▸ **EXERCISE DETAILS**
Your output should consist of the lines from the first line of the records below through the one with "Réf. : HAG HET126DR", exactly, minus the pictures.

━━━ MATERIAL PROVIDED ━━━

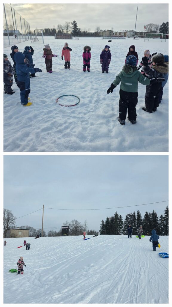 Koopaoravate liikumistund õpetaja Ljudmillaga kelgutades ja mängides.
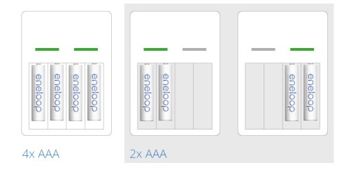 Dodatkowo nie trzeba zapełnić wszystkich kanałów ładowania, aby bezpiecznie naładować akumulatory. Ważne, aby wkładać je parzyście po 2 lub 4.
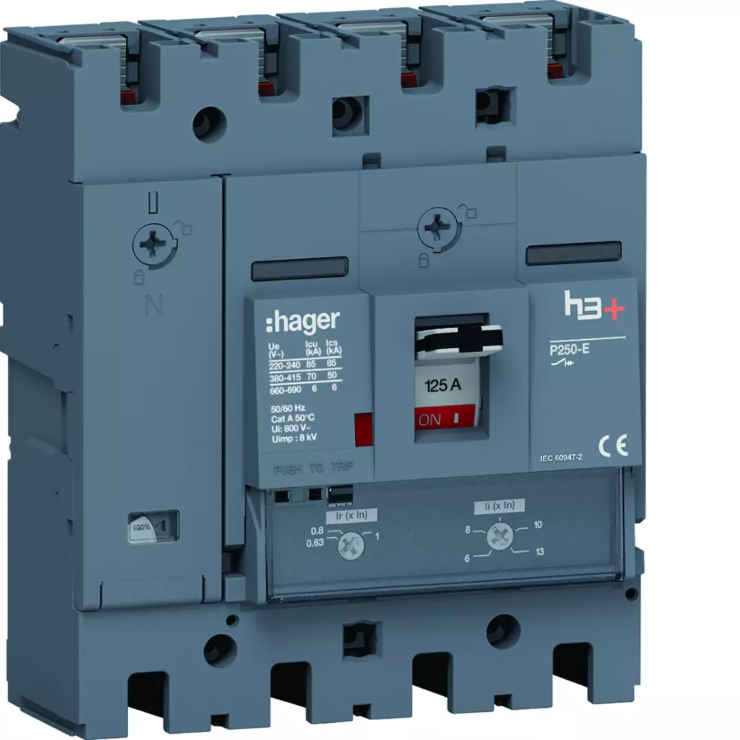 Réf. : HAG HET126DR Disjoncteur Boitier Moulé h3+ P250 TM ADJ 4P4D N0-100% 125A 70kA FTC
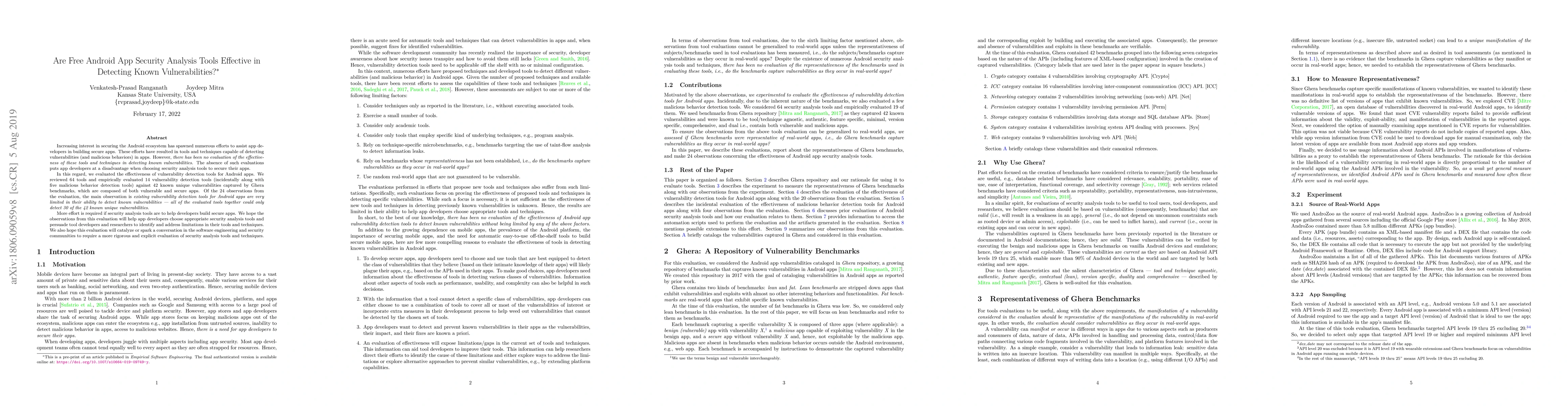 This study evaluates the effectiveness of 14 free Android app security analysis tools in detecting known vulnerabilities, finding that they collectively identified only 30 out of 42 benchmarked vulnerabilities. The research highlights the need for improved tools and more rigorous evaluations to better secure Android apps.
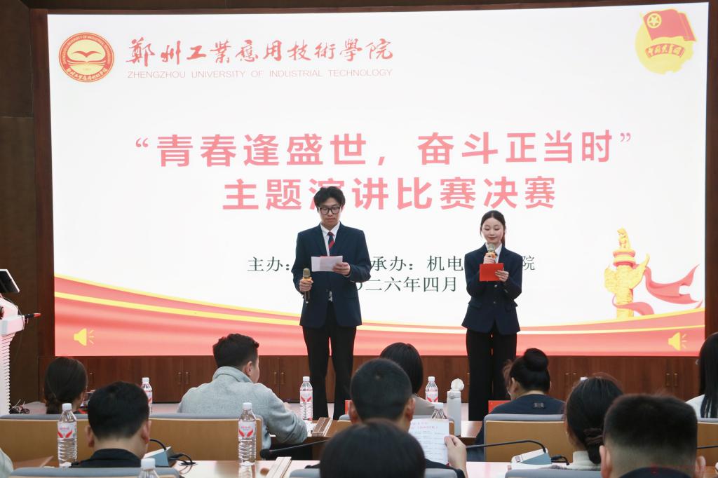 为深入学习贯彻习近平新时代中国特色社会主义思想,全面落实习近平总书记关于青年工作的重要思想,引导广大青年学生坚定理想信念、勇担时代使命,4月1日,由校团委主办 ,机电工程学院承办的“青春逢盛世,奋斗正当时” 主题演讲比赛在建工楼天健厅隆重举行。
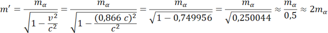 Określ masę relatywistyczną, którą ma cząstka alfa poruszająca się z prędkością , wiedząc, że jej masa spoczynkowa wynosi .
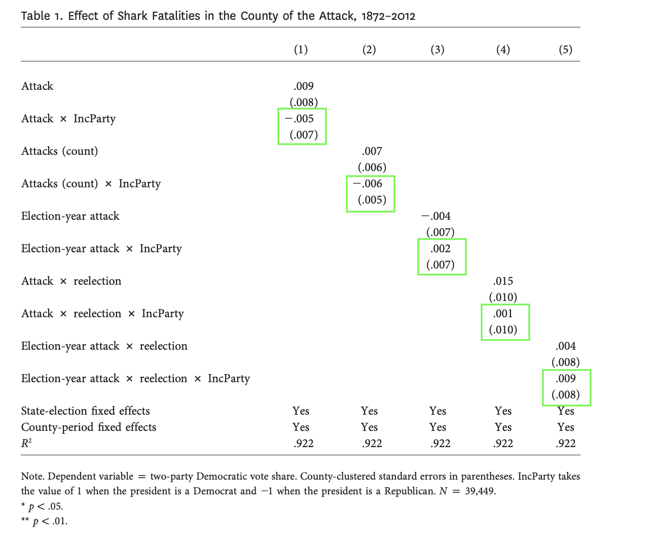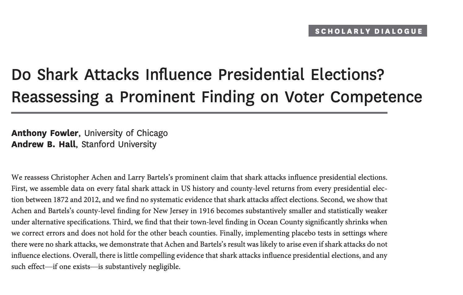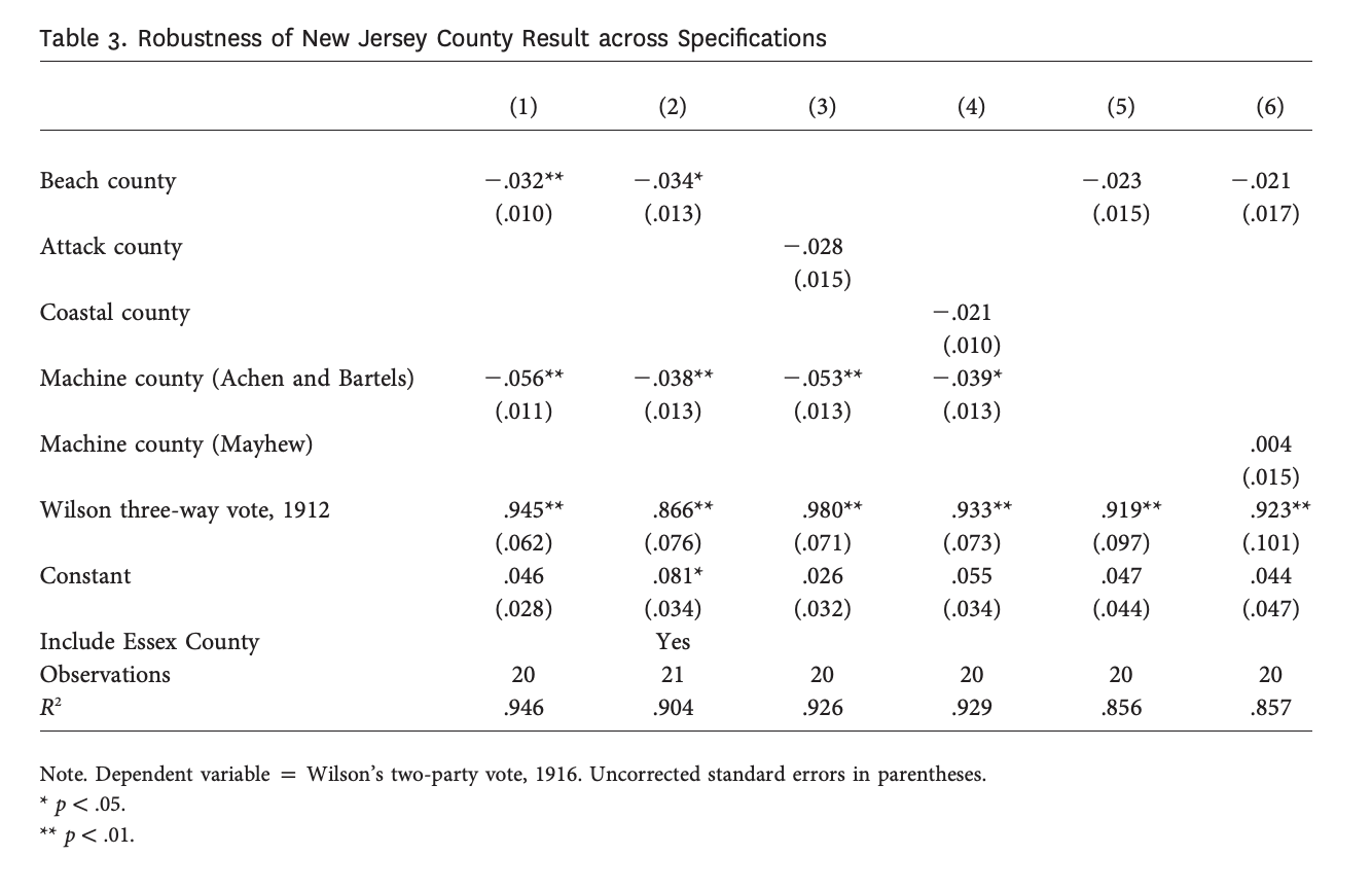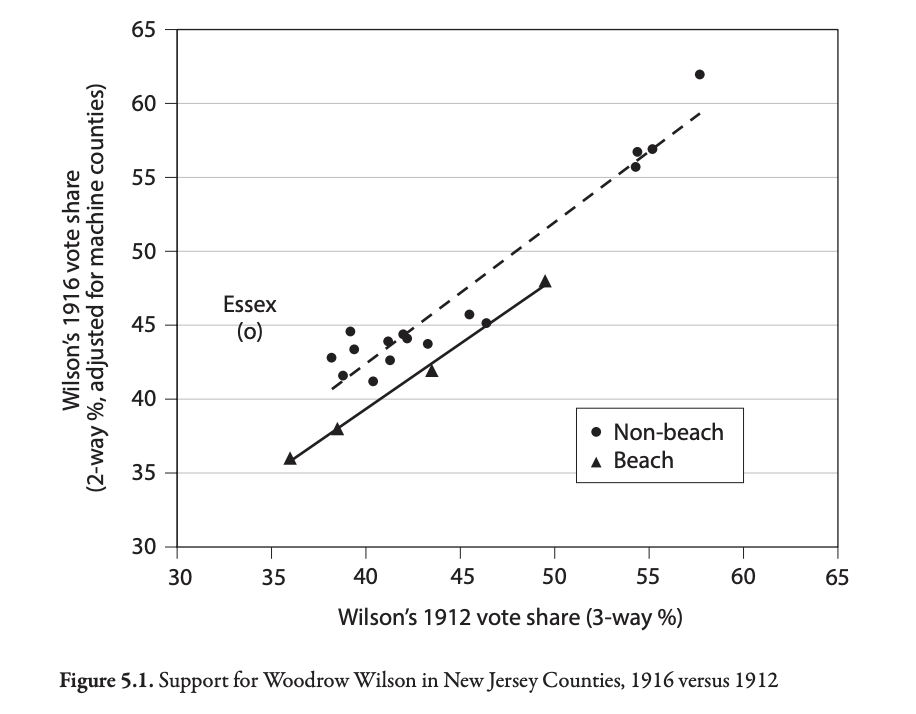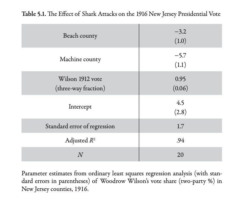 They show that Woodrow Wilson’s vote totals in 1916 appear to be lower in beach counties during a summer when shark attacks in New Jersey were particularly salient
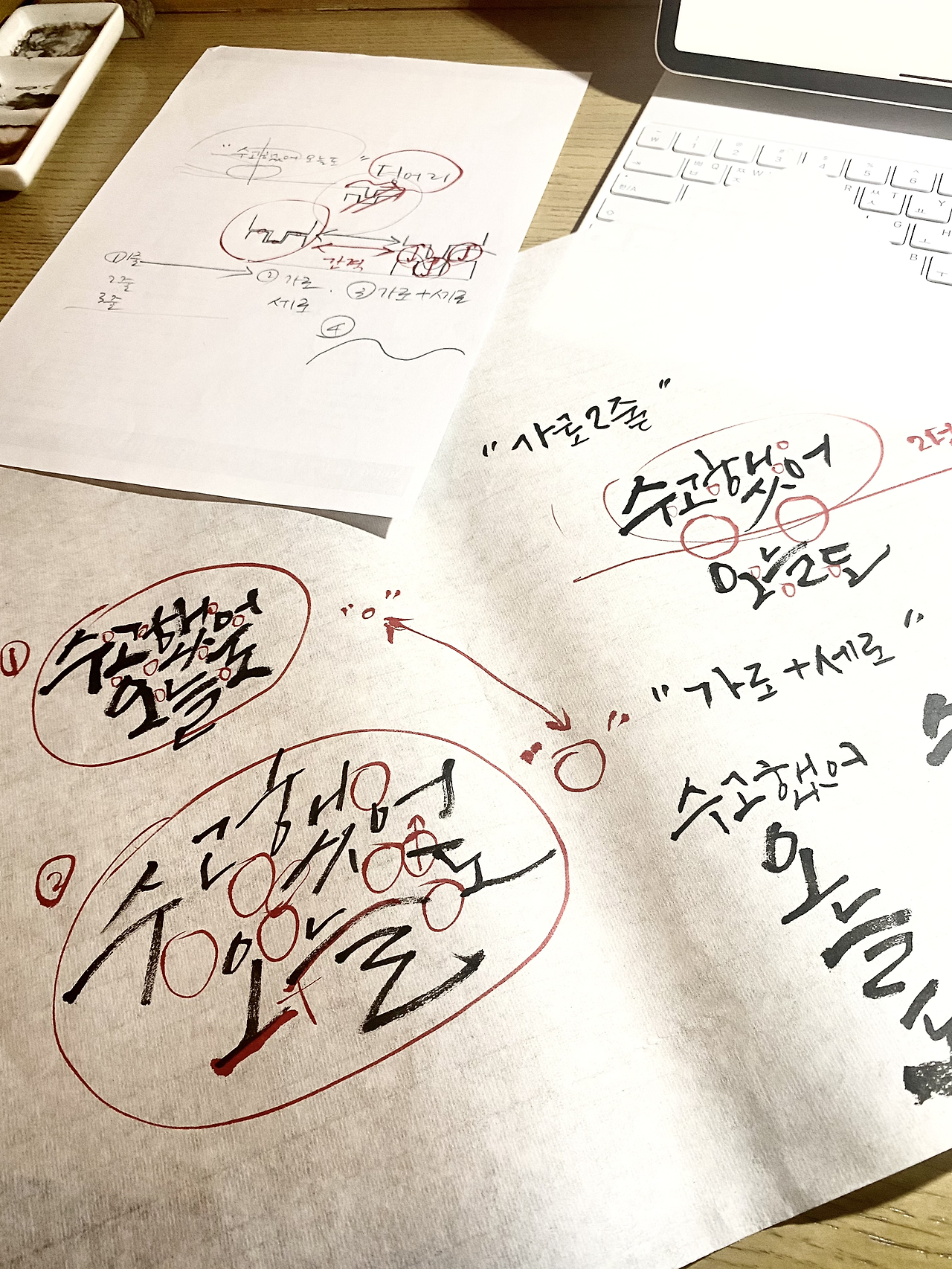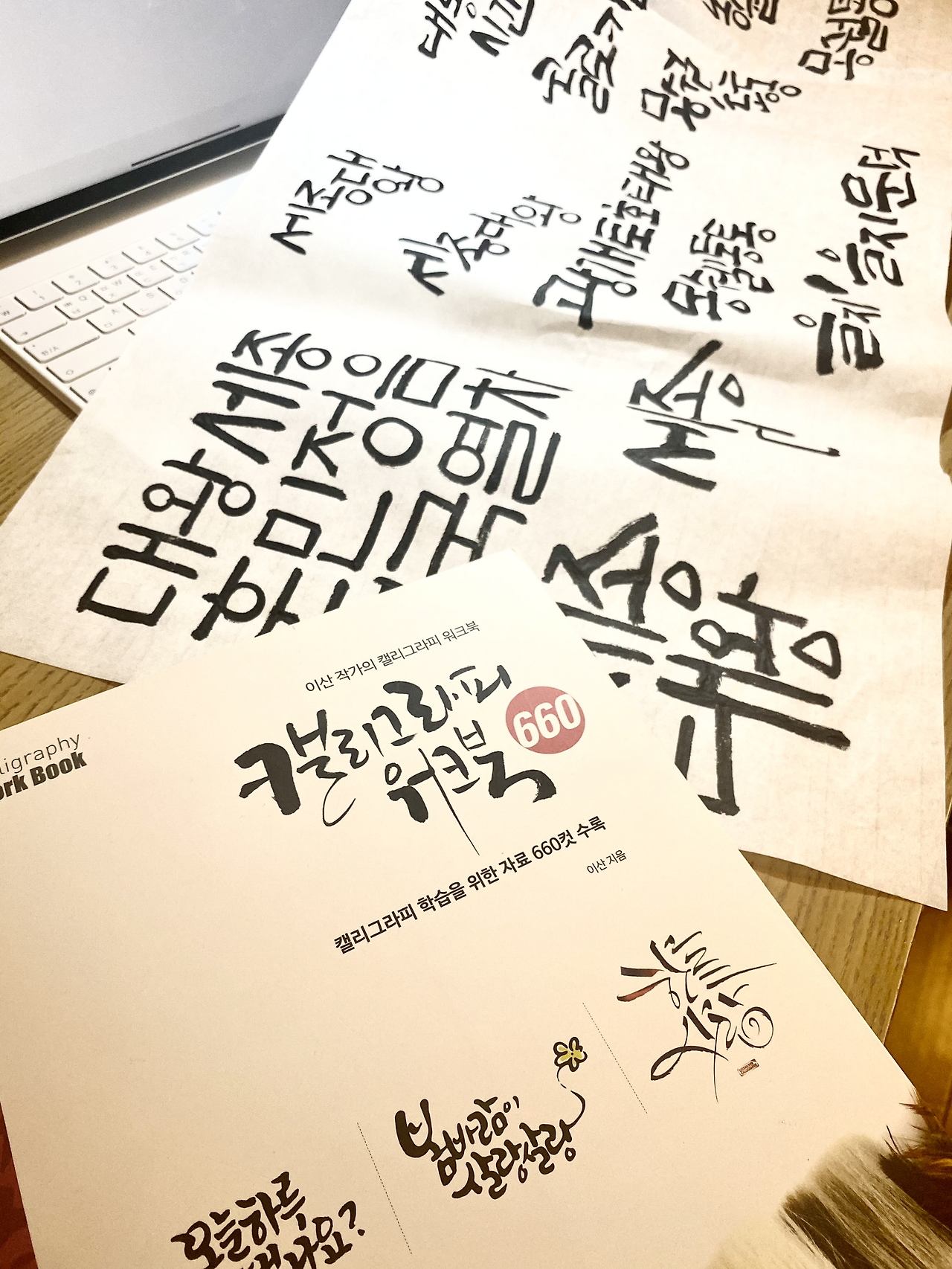 길고 긴 춘절 연휴가 끝난 오늘. 드디어 이산 선생님의 책으로 공부를 시작한다. 처음 책을 받아보고 주르륵 넘겨봤을 때 이산 선생님의 글씨는 대단하다고 생각했다. 그런데 한 줄 한 줄 읽어보며 따라 그리다 보니 완전히 다르다. 좋은 체본 자체가 스승이 된다더니 딱 그 말이 정답. 한 획 안에서 어떻게 붓이 움직이는지 보이니 내가 갈 길이 멀다는 생각이 어깨를 누른다. 그렇다고 기죽을 필요 있는가? 점하나, 획 하나, 자음과 모음을 차근차근 따라가다 보니 즐겁다. 시계를 보니 한 시간이 이리도 지나간다.

━━━

▸ **TASK OUTPUT**
 Koopaoravate liikumistund õpetaja Ljudmillaga kelgutades ja mängides.
 Dodatkowo nie trzeba zapełnić wszystkich kanałów ładowania, aby bezpiecznie naładować akumulatory. Ważne, aby wkładać je parzyście po 2 lub 4.
 Réf. : HAG HET126DR Disjoncteur Boitier Moulé h3+ P250 TM ADJ 4P4D N0-100% 125A 70kA FTC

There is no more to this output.